The 4 nations public health HCID group made an interim recommendation in January 2020 to classify COVID-19 as an HCID. This was based on consideration of the UK HCID criteria about the virus and the disease with information available during the early stages of the outbreak. Now that more is known about COVID-19, the public health bodies in the UK have reviewed the most up to date information about COVID-19 against the UK HCID criteria. They have determined that several features have now changed; in particular, more information is available about mortality rates (low overall), and there is now greater clinical awareness and a specific and sensitive laboratory test, the availability of which continues to increase.”

The important theme in both the criticism of Imperial College’s work and the risk downgrade by the UK government is – “testing”. There was a lack of actual test results to guide the Imperial College report, therefore no real-world base to launch their predictions and scenarios. From New Scientist:

“But there is barely a mention of widespread testing, despite the WHO director general’s pleas to all countries to “test, test, test”.

And in the case of the risk down-grade an increasing tally of test results presented a more stable, reliable and realistic measurement of the virus’s effects.

None of this will change our situation. The current home-detention will run its course, but in the wash-up which must come, a $20B hole in our economy cannot be covered up. But it is testing that will be our health ministry’s Achilles heel: more specifically, the lack of it.

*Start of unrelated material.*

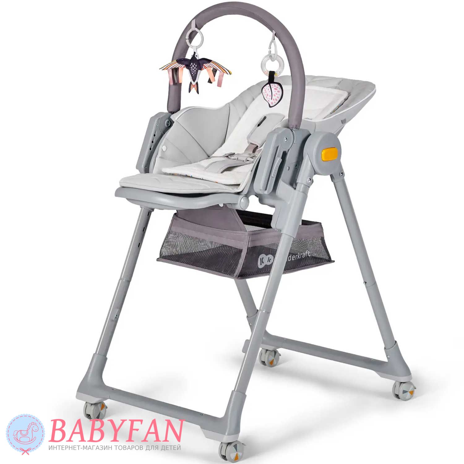 Kinderkraft Lastree – это высокий стульчик для кормления трансформер для новорожденных младенцев до 3 лет, весом до 15 кг. С момента рождения используется как детский шезлонг – спинка сиденья опускается и поднимается подножка. Для младенцев предусмотрен дополнительный двухсторонний вкладыш. В виде шезлонга на подлокотниках фиксируется интерактивная дуга со съемными мягкими игрушками закрепленными на кольцах. Выполнен в классическом дизайне, палитра моделей состоит из 3 цветов: бежевый, розовый и серый. Изготовлен из прочных, долговечных и практичных материалов: металлическая рама с элементами из пластика и чехол из экокожи.

The prime minister, bless her, is not stupid enough to have adopted the reassuring laid-back approach she took to the disease outbreak without the advice of the top officials at the Ministry, who appear to have based decision-making on the false premise that absence of evidence is evidence of absence: it most surely is not! They did not have evidence because they were not seeking it. They were not doing enough testing of arrivals, of community spread, until far too late, until we had contagion. The spotlight needs to be turned on the shortcomings of those people when the inquiry inevitably comes.